Tribunal Administratif de MELUN — Décision N° TA77-2211595

mercredi 24 mai 2023

JuridictionTribunal Administratif de MELUN
SectionTribunal Administratif de MELUN
N° DossierTA77-2211595
TypeDécision
RecoursExcès de pouvoir
Avocat requérantHERRERO

Texte intégral

Vu la procédure suivante :

M. B A, représenté par Me Louis Jeune, a demandé au tribunal, le 1er décembre 2022, sur le fondement de l'article L. 911-4 du code de justice administrative, d'enjoindre à la préfète du Val-de-Marne de prendre les mesures qu'implique l'exécution du jugement du magistrat désigné par le président tribunal administratif de Melun en date du 16 mars 2020 (n° 1909196) enjoignant à cette autorité, ou à tout autre préfet territorialement compétent, notamment, de lui délivrer une autorisation provisoire de séjour, dans un délai de deux mois à compter de la notification du jugement et de procéder au réexamen de sa situation dans le délai de trois mois, et mettant à la charge de l'Etat une somme de 800 euros sur le fondement de l'article L. 761-1 du code de justice administrative.

Le 21 février 2023, la préfète du Val-de-Marne a indiqué au tribunal que l'exécution du jugement en cause était de la responsabilité du préfet de police de Paris, le requérant ayant communiqué une nouvelle domiciliation dans cette ville (chez Inser Asaf n° 311272, 121 rue Manin, 75019), et que, s'agissant de l'exécution financière, un courrier avait été adressé au requérant en vue de la communication des documents nécessaires à son règlement et qu'il était revenu à l'administration avec la mention " destinataire inconnu à l'adresse ".

Le 3 mars 2023, le préfet de police de Paris a indiqué qu'il avait convoqué M. A à deux reprises les 5 et 19 juillet 2022 mais qu'il ne s'était pas présenté à ces convocations.
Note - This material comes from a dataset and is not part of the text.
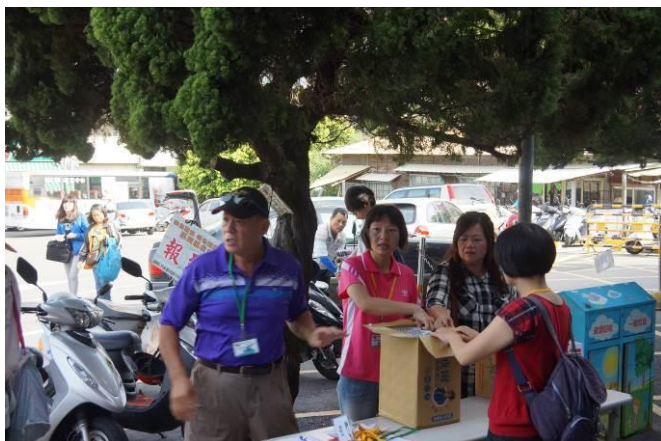
8/23 第一梯次大甲火車站集結

Par une requête complémentaire enregistrée le 19 avril 2023, M. B A, représenté par Me Louis Jeune, demande au tribunal, après l'avoir admis à l'aide juridictionnelle provisoire, d'enjoindre au préfet du Val- de Marne ou la préfecture territorialement compétente d'exécuter ce jugement, dans un délai de 7 jours sous une astreinte de 500 euros par jour de retard à compter de la notification de la décision à intervenir, de le convoquer un délai de 7 jours à compter de la date de la notification de la décision à intervenir sous astreinte de 500 euros par jour de retard et de la lui verser la somme de 800 euros sous astreinte de 500 euros par jour de retard à compter de la notification de la décision à intervenir.

Il maintient que le jugement du 16 mars 2020 n'a pas été exécuté par l'administration.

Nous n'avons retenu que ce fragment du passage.